Liquid malt extracts can leave an aftertaste described as "liquid extract tang" . I don't like that. When I made beer, I quickly gave up on liquid malt extracts and went to all grain brewing. I never tasted tang when I used dry malt extract to boost the s.g. of my wort.


----------



## WVMountaineerJack (Nov 13, 2014)

Thats one reason I mentioned ELDME, leaves very little taste in the amounts used but does leave lots of body. A strawberry at 10lb or more berry/gal with ELDME and a little bit of oak (and maybe just a handful of dried elderberries for color and tannins) makes a very luscious drink. WVMJ


----------



## gtberg (Nov 14, 2014)

I'm making a peach wine with a little bit of blueberry for color. It comes out looking like a nice rose and it tastes very smooth.

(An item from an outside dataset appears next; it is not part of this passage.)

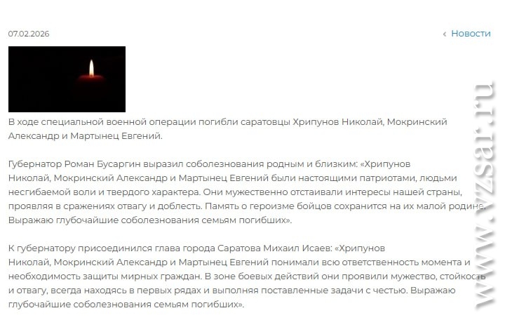 Официальный сайт мэрии Саратова коротко сообщил о гибели Николая Хрипунова, Александра Мокринского и Евгения Мартынца.
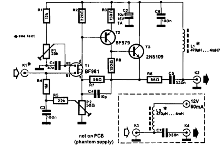 This circuit was obtained from Elektor magazine and published in the Encyclopedia of Electronic Circuits Vol 5 of 1995. Transistors are RF types that are still common today.

I could serve this to you, and you'd never know it was a peach wine. Very mellow in flavor. I'm guessing the malt adds some body and mellowness to the taste.


----------



## WVMountaineerJack (Nov 14, 2014)

Did you add malt to this? Looks like you need a lot more peaches if you cant taste them at least in their fermented form. WVMJ



gtberg said:


> I'm making a peach wine with a little bit of blueberry for color. It comes out looking like a nice rose and it tastes very smooth. I could serve this to you, and you'd never know it was a peach wine. Very mellow in flavor. I'm guessing the malt adds some body and mellowness to the taste.


----------



## gtberg (Nov 14, 2014)

Yes, I did add malt. I'm still in primary fermentation currently. It's my first attempt at wine, and I took the recipe of a friend of mine after tasting his wine. All the science aside, the proof is in the taste of the finished wine, and after tasting his wine, I'm a believer. Maybe my next batch, I'll try making it without the malt and see the difference in the finished wine. At this point, I'm overwhelmed with too much information from everything I've read. But that was one thing I couldn't find any information about was what the purpose of adding malt to wine does.


----------



## maurtis (Nov 14, 2014)

I wonder how some DME in a Dragon Blood would work out? Some easy extra body might be nice.

How much are you guys using in your peach and strawberry wines? Say, for a 6 gallon batch, would I just go with one lb of ELDME? I happen to have a 1lb bag in my brew closet waiting for a place to go!


----------



## olusteebus (Nov 14, 2014)

I happen to have 2 bags of dme. I may try that with SP sometime.


----------